Bioinformatics: Using predictions to improve predictions of membrane proteins

Machine learning methods have a long history within bioinformatics. Sequence based machine learning methods can roughly be divided into two classes, local and structural. The local methods are trained on information from a fixed length sequence window surrounding a residue. Thereafter various information, primarily sequence and evolutionary, from this window is gathered and feed into a machine learning algorithm, typically a support vector machine or an artificial neural network, to predict some feature of the central residues. This approach has been successful for many applications, including the prediction of secondary structure of proteins.
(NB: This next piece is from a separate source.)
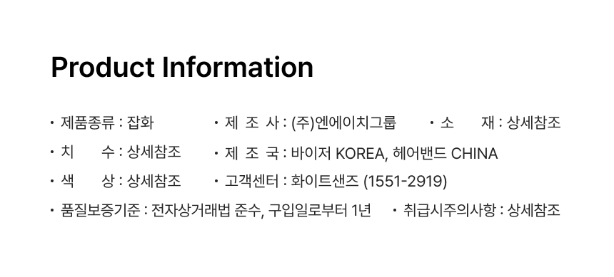 | 제조국(원산지) | 한국 |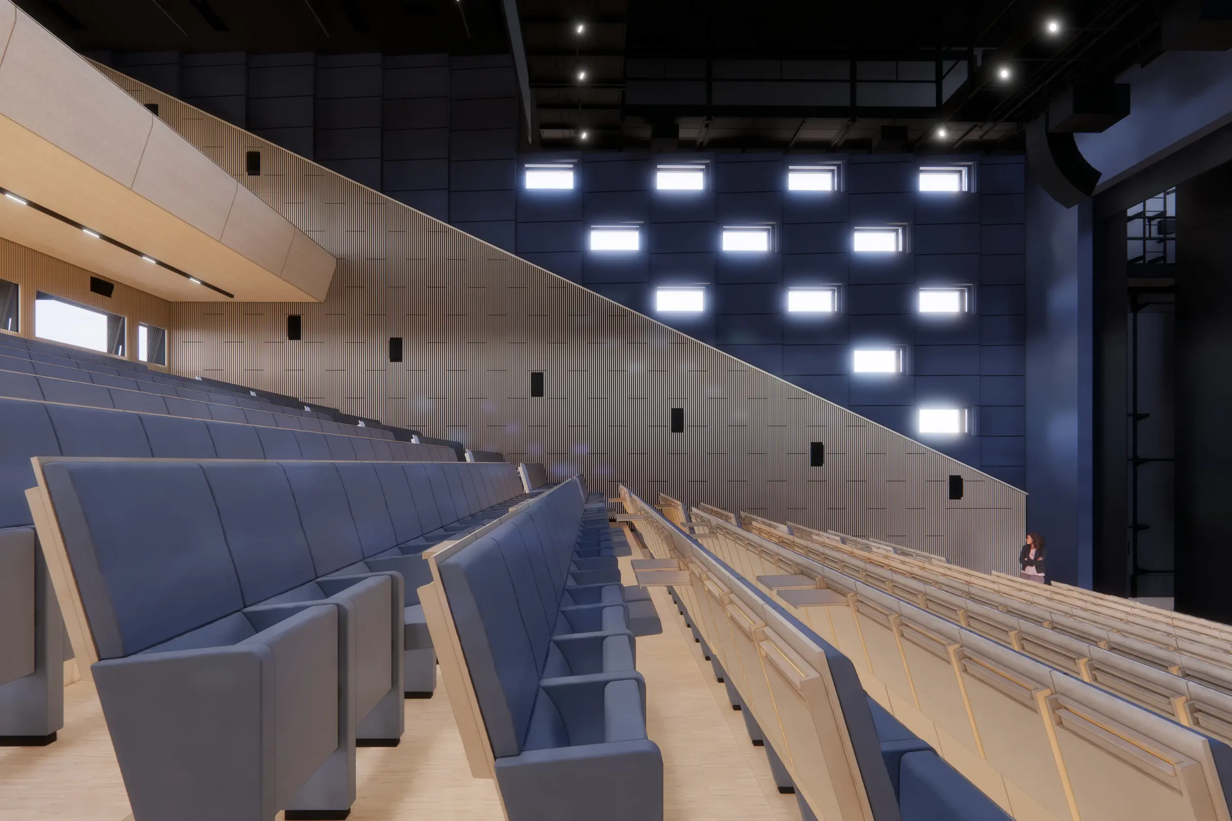 h2 déploie 8 500 m2 d’espaces flexibles. Pièce centrale du rez-de-chaussée, son auditorium de 672 places séduit par son design et ses performances. “Ses qualités techniques, sa scénographie, son ambiance chaleureuse font que c’est l’une des plus belles salles de France pour un centre des congrès”, souligne Lionel Devaux, architecte associé chez Chabanne Architecte et directeur de l’opération. Doté d’une scène de 200 m², l’auditorium est entièrement modulable et peut accueillir 300, 500 ou 672 spectateurs selon les configurations. Il dispose d’un système son AFC, technologie innovante recréant une acoustique naturelle pour une expérience d’écoute immersive. La salle bénéficie également d’un dispositif vidéo de pointe, avec un écran de 8 mètres sur 5.

The structural machine learning algorithms used in sequence-based bioinformatics are based on some type of graph structure describing the protein sequence. This structure allows for non-fixed length windows in the training procedure as a sequence can be generated from different pathways through the graph. Typically hidden Markov models, Bayesian networks or conditional random fields are applied here. They have successfully been applied to the prediction of secondary structure (or topology) of membrane proteins and other problems. One limitation with these algorithms is that they cannot take into account correlations between different sites in the sequence. To tackle this problem we are developing methods based on a combination of local and globular machine learning algorithms. So far we have successfully applied them to membrane protein topology predictions of both alpha and beta types.

The next step in predictions of membrane protein structure predictions is to aim for full 3D-predictions. One way to do this is to use “direct information” and predict interacting residues in a protein and then use these to model the structure. The idea of contact predictions using “direct information” is based on the observation that two residues in a protein that are close in space often shows a co-variations, e.g for instance if residue A is large and residue B is small than if A is replaced by a small residue it is quite likely that B is replaced by a large residue. This type of correlated mutations has been used quite unsuccessfully to predict contacts in proteins for many years. However, recently it has been shown that methods based on “direct information” can improve the predictions drastically. The idea here is that if A is in contact with B and B is in contact with C, it is possible that stront co-variation between A and C can also be seen but that it is possible to disentangle the direct and indirect contacts.

The origin of “direct information” is work done by Lapedes in the late 1990’s. However, only in the last few years it has been shown that it provides a significant improvement, as it needs to have thousands of homologous sequences aligned to show high accuracy. But if sufficient number of sequences is available to performance of these methods is fantastic. Our latest implementation using a combination of plmDCA (developed by Erik Aurell at KTH) and psicov (developed by David Jones in the UK) and our own postprocessing filter (PconsC) have 77% accuracy among the top L (length of the protein) predictions. Earlier methods rarely reached over 20%. Now we are implementing these methods into our structure prediction pipelines.

References
Hayat, S. and Elofsson, A. (2012) Ranking models of transmembrane beta-barrel proteins using Z-coordinate predictions. Bioinformatics 28 (12) : i90-i96.
Tsirigos, K.D., Hennerdal, A., Kall, L. and Elofsson, A. (2012) A guideline to proteome-wide alpha-helical membrane protein topology predictions. Proteomics 12 (14) : 2282-2294.
Hayat, S. and Elofsson, A. (2012) BOCTOPUS: improved topology prediction of transmembrane beta barrel proteins. Bioinformatics 28 (4) : 516-522.
Shu, N. and Elofsson, A. (2011) KalignP: Improved multiple sequence alignments using position specific gap penalties in Kalign2. Bioinformatics 27 (12) : 1702-1703.
Hennerdal, A. and Elofsson, A. (2011) Rapid membrane protein topology prediction. Bioinformatics 27 (9) : 1322-1323.
Larsson, P., Skwark, M.J., Wallner, B. and Elofsson, A. (2011) Improved predictions by Pcons.net using multiple templates.Bioinformatics 27 (3) : 426-427.
llergard, K., Kauko, A. and Elofsson, A. (2011) Why are polar residues within the membrane core evolutionary conserved?Proteins 79 (1) : 79-91.